### TASK STATEMENT
Leave out the pictures and retype exactly the lines from the line with "夕方から夜まで 貴重な時合にシーバスをバラしてからは狙いを変えてクロダイ" through the end of the listing below.

### DATA EXTRACTS
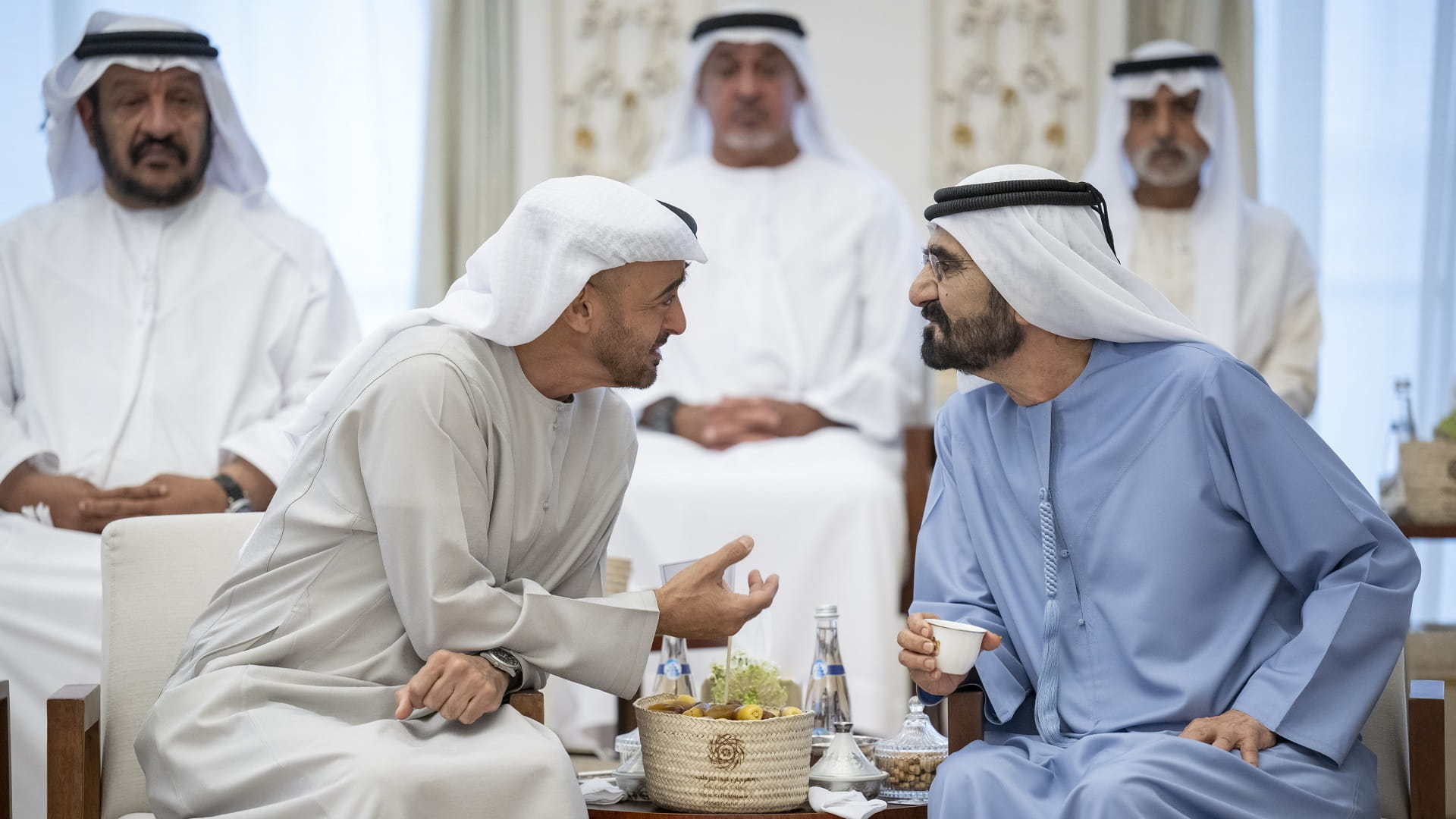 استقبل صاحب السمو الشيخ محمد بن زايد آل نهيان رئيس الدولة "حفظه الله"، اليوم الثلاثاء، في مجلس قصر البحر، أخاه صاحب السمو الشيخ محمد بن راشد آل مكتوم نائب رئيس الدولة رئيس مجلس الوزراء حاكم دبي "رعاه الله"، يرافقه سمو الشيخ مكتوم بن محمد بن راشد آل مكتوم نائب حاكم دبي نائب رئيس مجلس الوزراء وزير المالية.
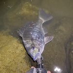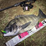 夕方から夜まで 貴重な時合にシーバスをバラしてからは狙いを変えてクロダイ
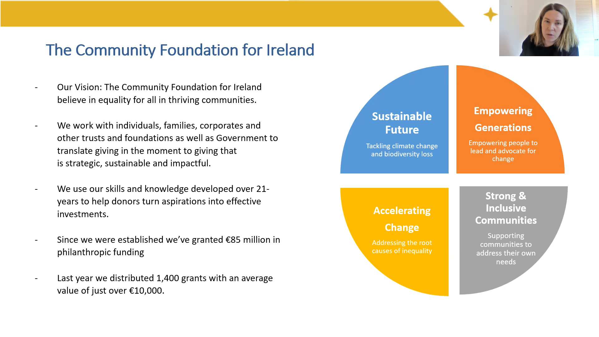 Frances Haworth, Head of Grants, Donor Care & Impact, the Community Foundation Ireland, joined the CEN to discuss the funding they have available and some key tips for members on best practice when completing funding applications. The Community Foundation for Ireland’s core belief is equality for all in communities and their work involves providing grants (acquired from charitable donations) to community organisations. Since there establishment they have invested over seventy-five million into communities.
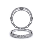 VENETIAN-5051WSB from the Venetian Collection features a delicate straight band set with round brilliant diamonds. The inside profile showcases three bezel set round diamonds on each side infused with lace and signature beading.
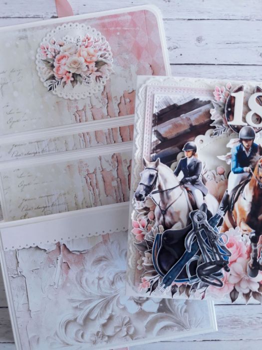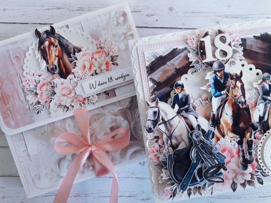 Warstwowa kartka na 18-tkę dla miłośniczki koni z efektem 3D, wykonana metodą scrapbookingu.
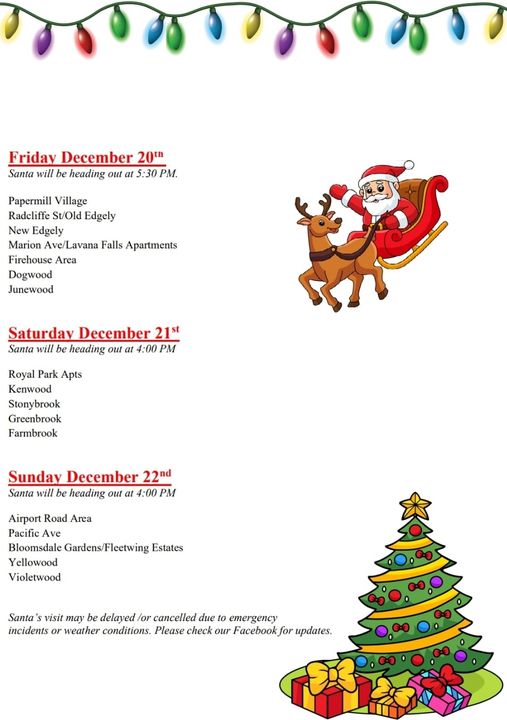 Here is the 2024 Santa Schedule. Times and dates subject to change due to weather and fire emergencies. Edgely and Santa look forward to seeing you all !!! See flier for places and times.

### ANSWER BOX
 夕方から夜まで 貴重な時合にシーバスをバラしてからは狙いを変えてクロダイ
 Frances Haworth, Head of Grants, Donor Care & Impact, the Community Foundation Ireland, joined the CEN to discuss the funding they have available and some key tips for members on best practice when completing funding applications. The Community Foundation for Ireland’s core belief is equality for all in communities and their work involves providing grants (acquired from charitable donations) to community organisations. Since there establishment they have invested over seventy-five million into communities.
 VENETIAN-5051WSB from the Venetian Collection features a delicate straight band set with round brilliant diamonds. The inside profile showcases three bezel set round diamonds on each side infused with lace and signature beading.
 Warstwowa kartka na 18-tkę dla miłośniczki koni z efektem 3D, wykonana metodą scrapbookingu.
 Here is the 2024 Santa Schedule. Times and dates subject to change due to weather and fire emergencies. Edgely and Santa look forward to seeing you all !!! See flier for places and times.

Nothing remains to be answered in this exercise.